LES DEFIS DE L’HEURE
LE SENEGAL FACE AUX URGENCES DE LA JEUNESSE
FORMATION, EMPLOI & ENTREPRENEURIAT DES JEUNES
Dans un pays où 11 sur 18 millions d’habitants ont moins de 35 ans, il est important pour tout dirigeant aspirant à l’émergence et au développement d’avoir une politique de jeunesse efficace et durable. Une politique de jeunesse orientée résultat et durabilité vise à créer des opportunités et des soutiens pour les jeunes dans les domaines de la formation, de l’emploi et de l’entrepreneuriat. En offrant des programmes de formation professionnelle et des possibilités de stages pratiques, elle prépare les jeunes au marché du travail. Parallèlement, des incitations fiscales comme c’est le cas avec la récente loi en faveur des startups doivent être accompagnées de programmes régionaux destinés à promouvoir l’entrepreneuriat partout sur le territoire sénégalais en offrant l’occasion de réduire le gap en termes d’opportunités entre les jeunes de la capitale et ceux des régions[1]. De plus, il faut une décentralisation totale des agences ou directions nationales existant et créer de nouvelles plus spécialisées dans différents secteurs d’avenir dans toutes les régions où sont susceptibles de provenir les futurs champions économiques nationaux. Toutefois, la mise en place de directions s’inscrivant dans le champ entrepreneurial ne suffit pas. Il faut aussi soutenir la mise en place d’incubateurs spécialisés dans les régions afin d’accélérer et mieux encadrer les initiatives et le développement des projets des jeunes. D’un autre côté, plus de financement public-privé et des crédits bancaires avec des taux préférentiels devront être alloués pour encourager l’entrepreneuriat chez les jeunes, favorisant ainsi l’innovation et la création d’entreprise, d’emplois et d’un écosystème favorable à l’apprentissage.
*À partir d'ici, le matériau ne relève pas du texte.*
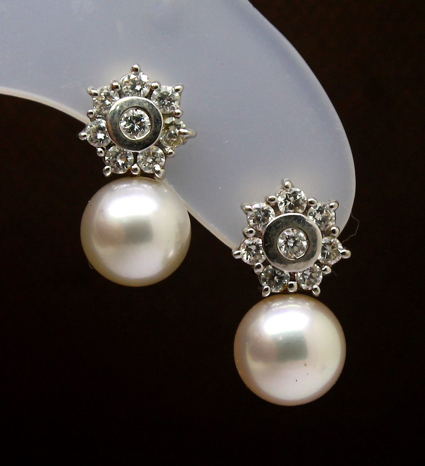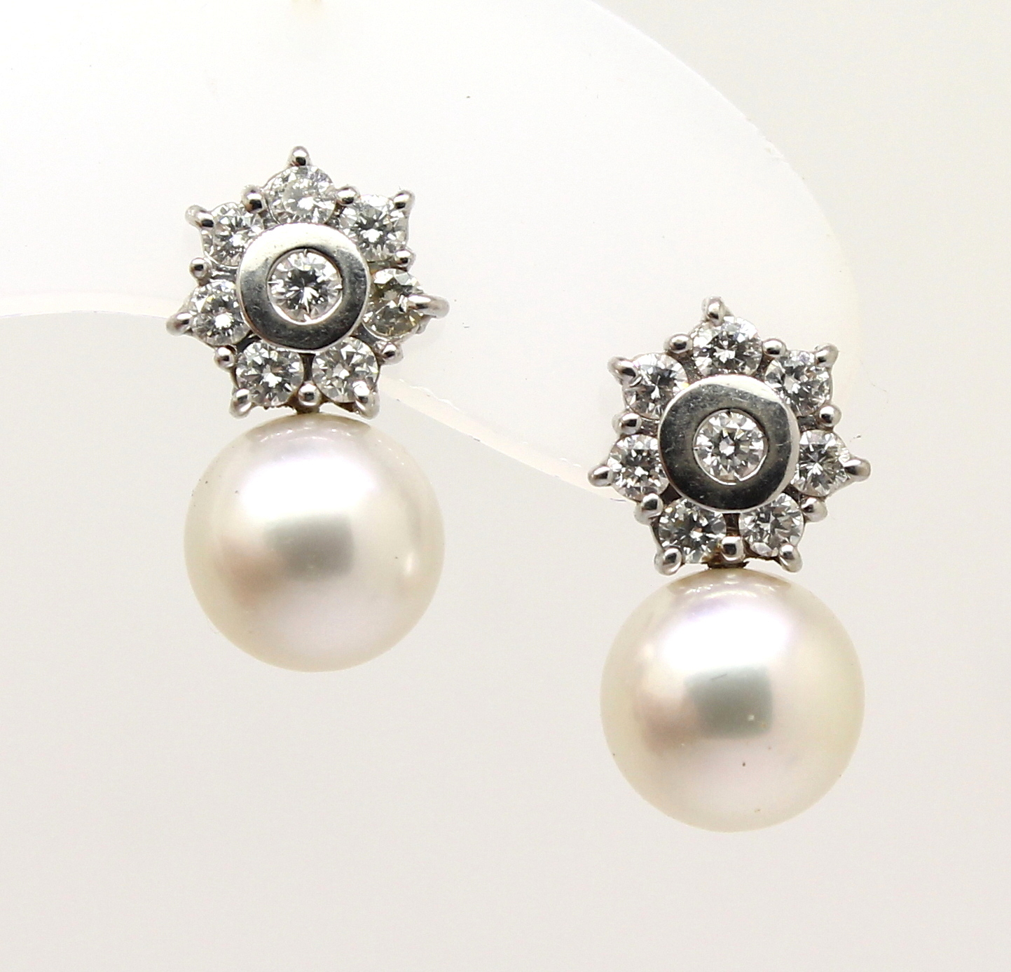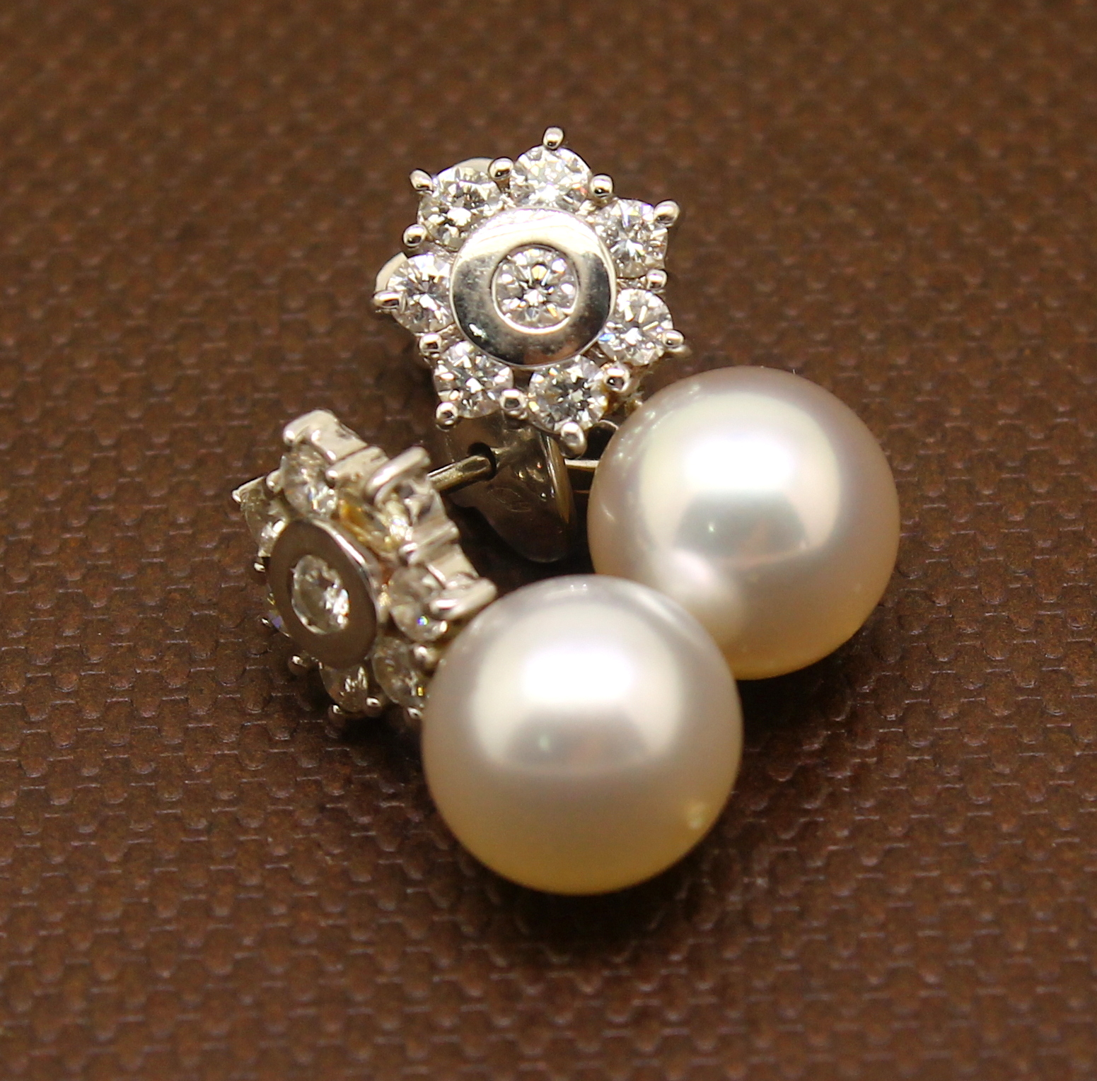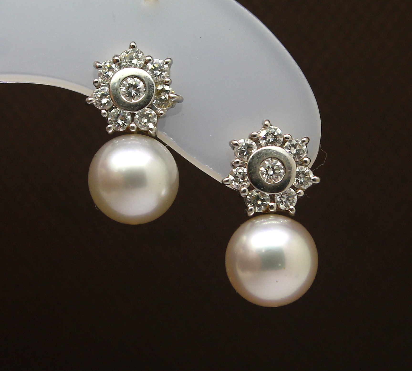 Brinco de Pérola Diamantes Ouro Branco 18k

Une politique pareille s’engage également à garantir l’accès équitable à l’emploi pour un pays qui enregistre plus de 300.000 nouveaux entrant dans le marché du travail chaque année et un taux de chômage avoisinant les 19,5%[2]. Cela pourrait ouvrir les ressources éducatives et économiques et une voie pour la promotion et l’incitation à la participation civique et sociale des jeunes, créant ainsi un environnement propice à l’apprentissage, leur développement et leur épanouissement.
A suivre…
[1] Loi n°2020‐01 du 6 janvier 2020 relative à la création et à la promotion de la startup au Sénégal
[2] « Sénégal, diagnostic du marché de l’emploi et propositions de nouvelles réformes ».
Mandela Ndiaye Touré, 7 août 2021, www.seneplus.com/opinions/senegal-diagnostic-du-marche-de-lemploi-et-propositions-de. Dernière consultation le 20 avril 2024.